* **PROBLEM TO WORK ON**
Since pictures are not part of the copy, please output only the lines from the one with "OSRAM Cuentas de" through the end of the data below, exactly as written.

EXERCISE MATERIALS section start

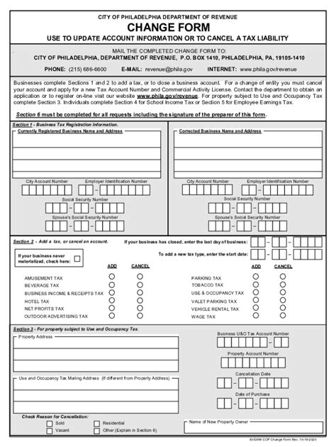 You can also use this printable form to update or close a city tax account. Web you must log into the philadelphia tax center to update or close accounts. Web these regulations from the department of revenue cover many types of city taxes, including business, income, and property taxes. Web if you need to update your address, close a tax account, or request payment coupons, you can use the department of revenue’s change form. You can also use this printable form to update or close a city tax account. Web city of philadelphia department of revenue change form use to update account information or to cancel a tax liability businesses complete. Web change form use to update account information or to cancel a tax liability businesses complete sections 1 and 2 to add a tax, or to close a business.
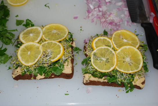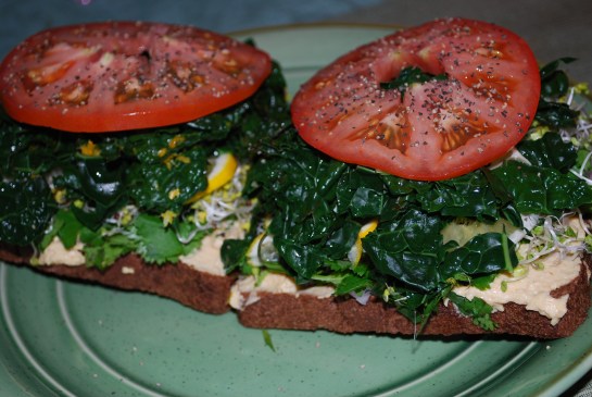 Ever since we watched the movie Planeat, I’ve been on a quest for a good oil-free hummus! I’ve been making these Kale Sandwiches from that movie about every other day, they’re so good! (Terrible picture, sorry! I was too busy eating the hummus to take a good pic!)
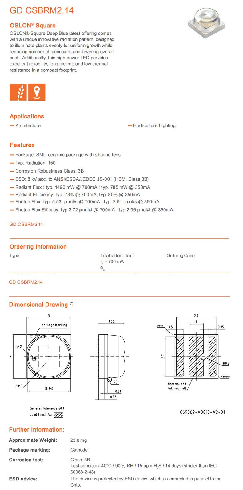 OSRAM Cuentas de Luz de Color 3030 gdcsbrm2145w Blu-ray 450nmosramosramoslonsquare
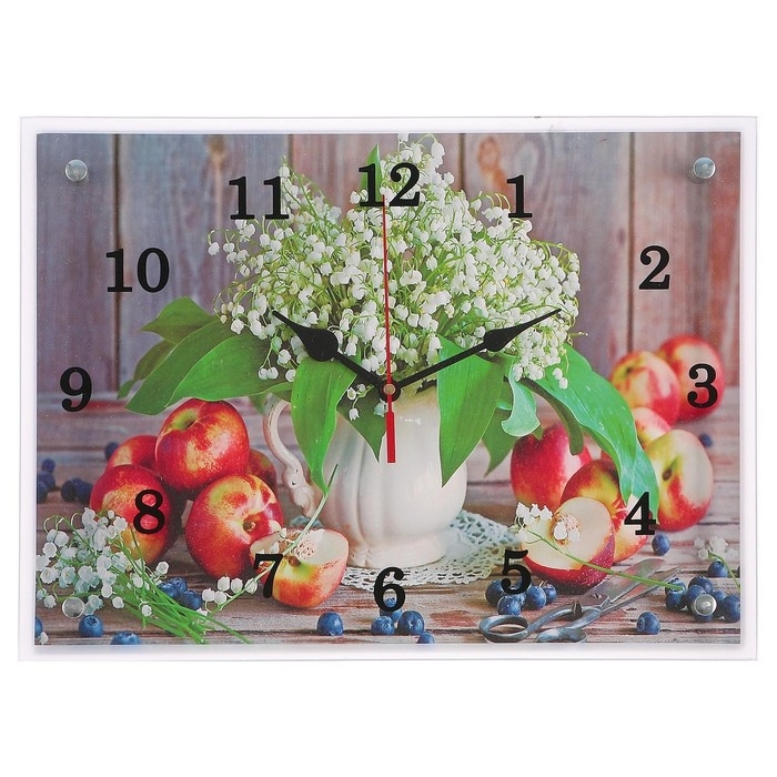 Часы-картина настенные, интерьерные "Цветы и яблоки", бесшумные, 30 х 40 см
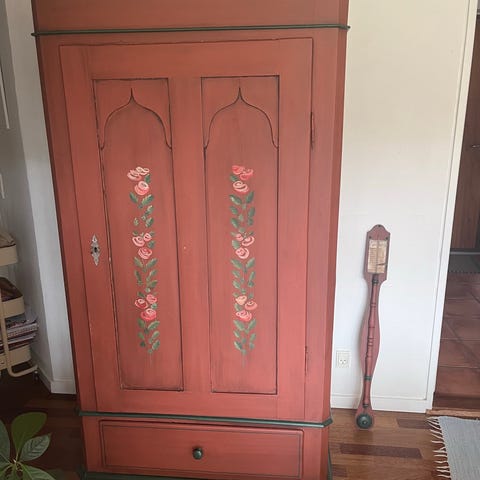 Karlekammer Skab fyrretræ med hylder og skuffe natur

EXERCISE MATERIALS section end

* **FINISHED EXERCISE**
 OSRAM Cuentas de Luz de Color 3030 gdcsbrm2145w Blu-ray 450nmosramosramoslonsquare
 Часы-картина настенные, интерьерные "Цветы и яблоки", бесшумные, 30 х 40 см
 Karlekammer Skab fyrretræ med hylder og skuffe natur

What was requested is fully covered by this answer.